My Frigate surveillance setup’s primary purpose is to keep an eye on my cats while I’m away.
An older setup supported only motion detection, but reviewing all motion events of the day while on vacation to make sure that each cat is doing fine was somewhat cumbersome. I switched to Frigate to leverage its entity detection capabilities so I only have to review events that detected cats, and could skip random motion.
That still turned out to be quite cumbersome, because the two 15-year-olds move little, whereas the 3-year-old moves a lot, so I still had to review lots of events to make sure all cats are alive and well. There are also issues with cats sometimes being detected as people, or not detected at all, but some parameter tuning made that good enough.
Frigate 0.17🔗
The most recent Frigate release introduced a built-in object classification training tool!
Each object that’s already tracked can be extended with one or more classifiers, and the result of the classifier is added as attribute or sub-label to the detection event. My config looks like this:
objects:
track:
- person
- cat
filters:
person:
min_area: 1000 # Adjust based on your camera views
threshold: 0.8 # Lower threshold for better detection
min_score: 0.5
cat:
min_area: 500 # Smaller than person since cats are smaller
threshold: 0.6 # Slightly lower for cats (harder to detect)
min_score: 0.45
classification:
custom:
cat:
threshold: 0.8
object_config:
objects: # object labels to classify
- cat
classification_type: sub_label # or: attribute
enabled: true
name: catThe objects section existed before - I just had to add the classification section to enable classifier training, which unlocks the classification UI:

Each tile corresponds to a detection event of one of the objects listed in the config. Clicking it shows you all the snapshots from the detection event and allows you to label each:

I ran training before making the screenshot above, so the classifier already has some opinions on the cat’s identity. Clicking the icon on the sample allows me to label it, and if I need more context, I can look at the whole event as well.
How well does it work?🔗
The results so far are mixed.
I already labeled hundreds of samples, but the classifier still spits up plenty of false positives. Why is that?
At night, all cats are black🔗
Some cats are really hard to tell apart, especially through infrared-illuminated night vision.
Here are pictures of all three cats in similar poses - can you tell the differences?
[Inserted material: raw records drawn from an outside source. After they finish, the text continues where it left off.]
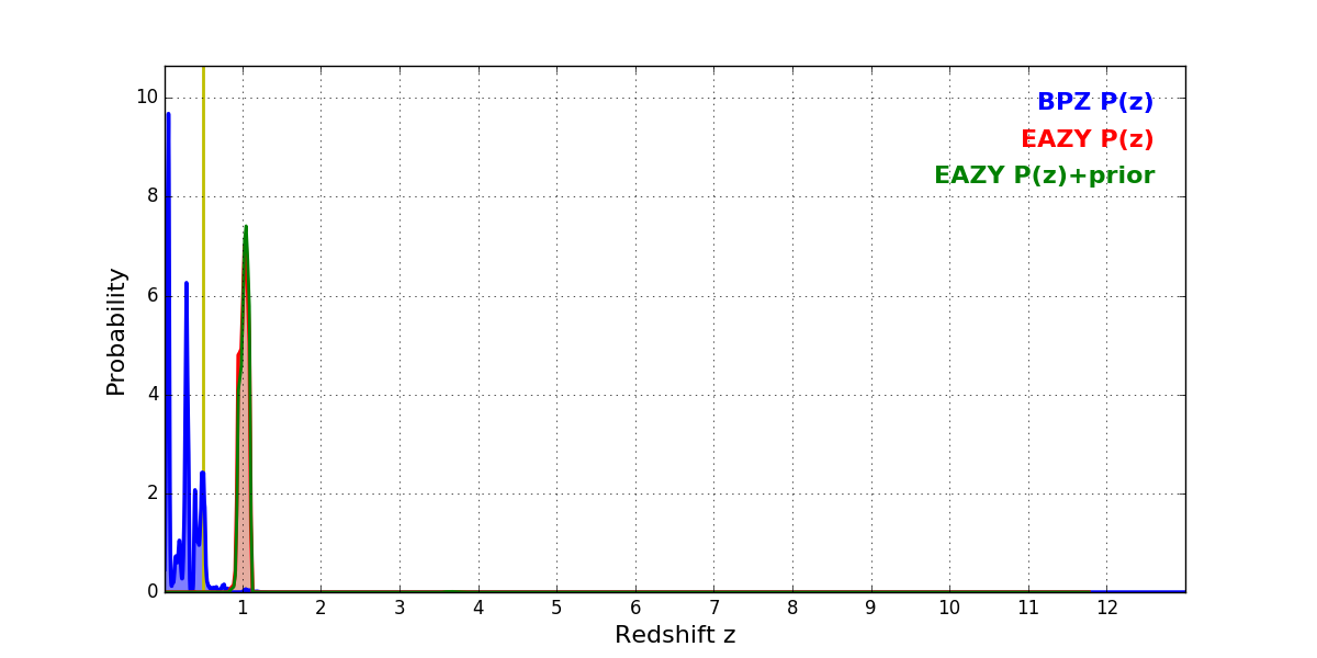 In P(z) plots: Yellow lines mark the cluster redshift z = 0.505,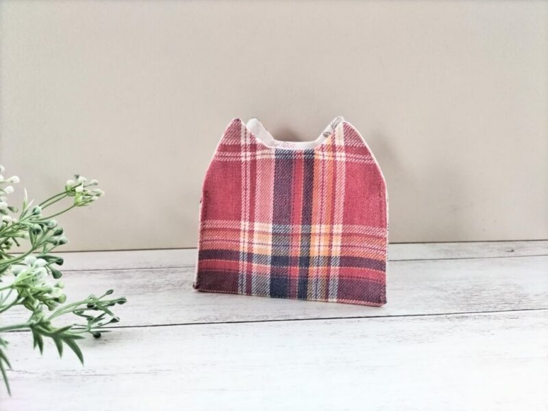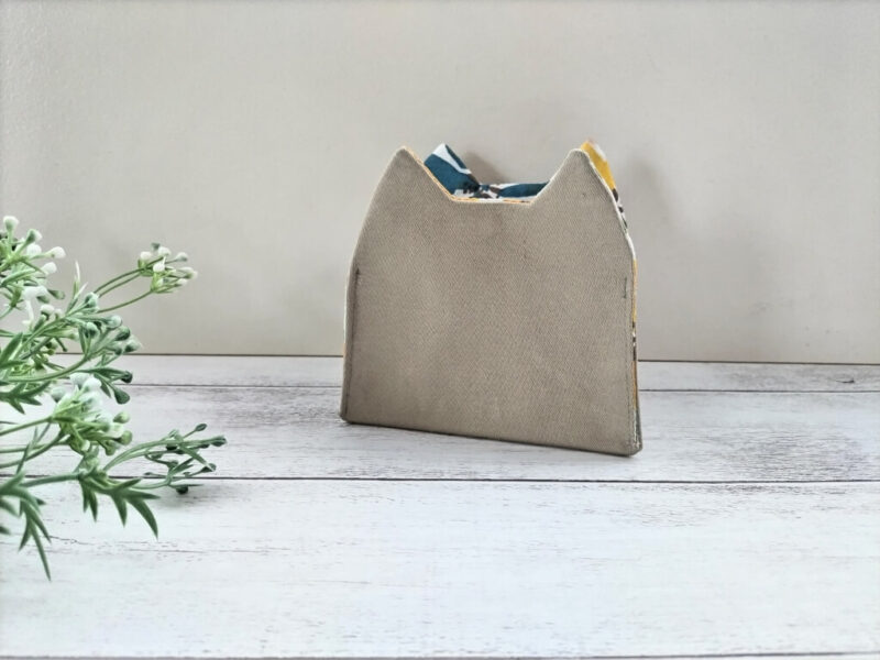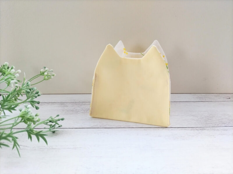 内側は、黄色ネコはミモザ柄、ピンクチェックは薄いピンクの花柄、オリーブは大柄の花柄です。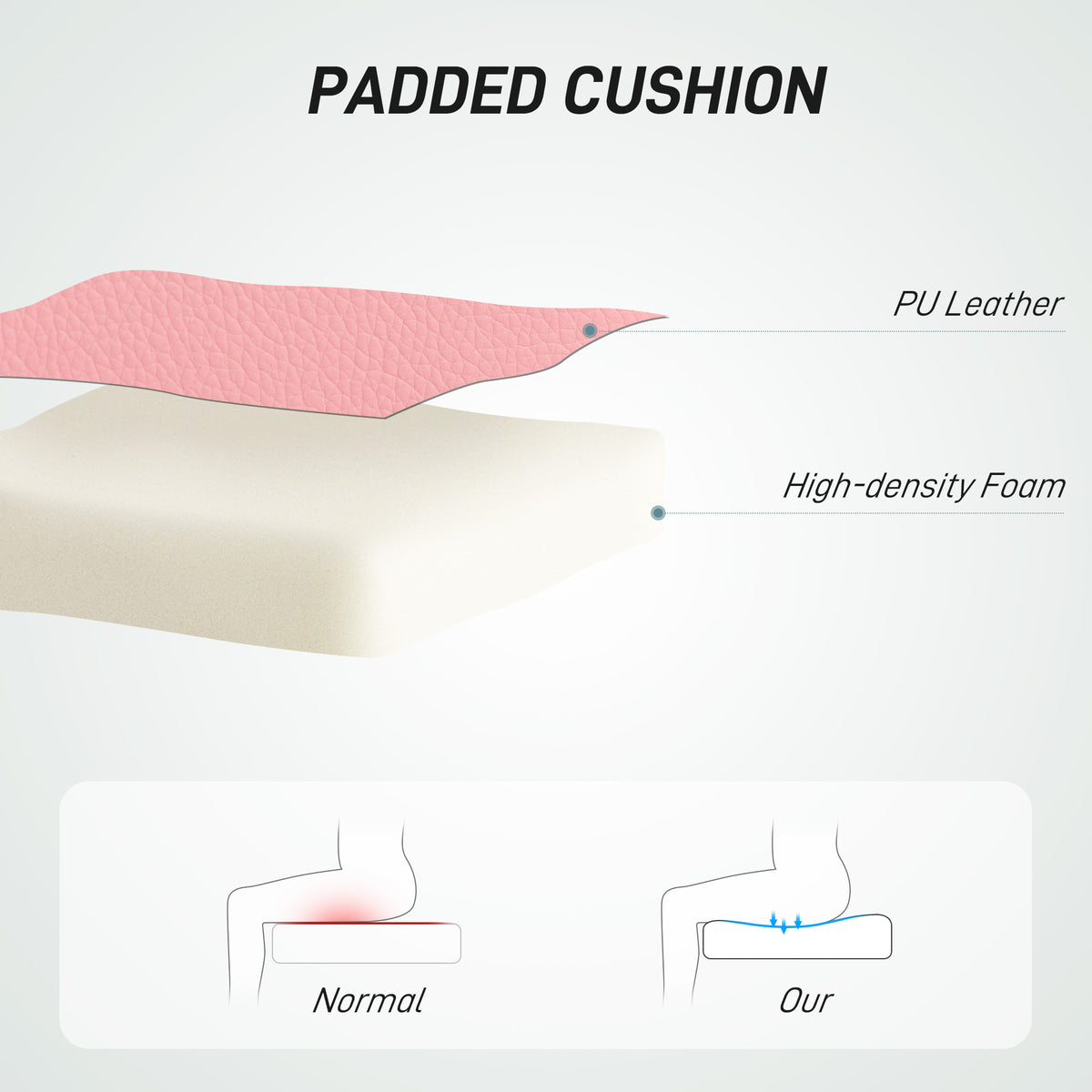 HOMCOM PU Leather Armless Office Chair, Modern Vanity Computer Swivel Chair with Rolling Wheels and Adjustable Height for Home Study, Bedroom, Pink - Pink

Meet Maggie, Luna, and Ciri (in order of descending age).
Maggie and Luna are some kind of European short hair mix, which look very similar. In a color image, you’d be able to tell them apart by Maggie being more grey-ish, and Luna being more brown-ish, but in night vision, there is barely a difference. When I try to tell them apart during classification, I look at the tail (Luna’s is more fluffy) and the paws (3 of Maggie’s are white-tipped). Otherwise, I wouldn’t be able to tell them apart myself, despite living with them for years.
Ciri is easy - she’s a huge, grey Maine Coon/Ragdoll mix with long hair and a very distinctive tail.
So far, the classification model hasn’t picked up on the subtle differences between Maggie and Luna yet, and classifies most samples as Ciri. It’s getting better with each round of training, though, so I have some hopes.
What’s next?🔗
There is still plenty of compute capacity left on my Frigate machine, so I’m thinking about running detection and classification at full camera resolution instead of preview resolution. I’ll also continue labeling training data.
Certainly not giving up yet. Maybe, one day, my Home Assistant dashboard will be able to tell whether each cat is on the couch, hydrating, or taking a dump.

Other use cases🔗
Frigate’s new classification feature can not only be used to detect invididuals, but also for state recognition, e.g. whether a gate is open or closed.
Detecting whether the cats’ water fountain is working properly is actually a need that I have that I previously tried to cover by measuring the pump’s electricity use, but differences were so minor that this kind of monitoring didn’t work reliably.
So, water flow detection could be interesting as well, but is harder to generate training data for, because I’d have to disrupt the cats’ water supply intentionally. In the end, living being’s needs take precedence over the urge to tinker.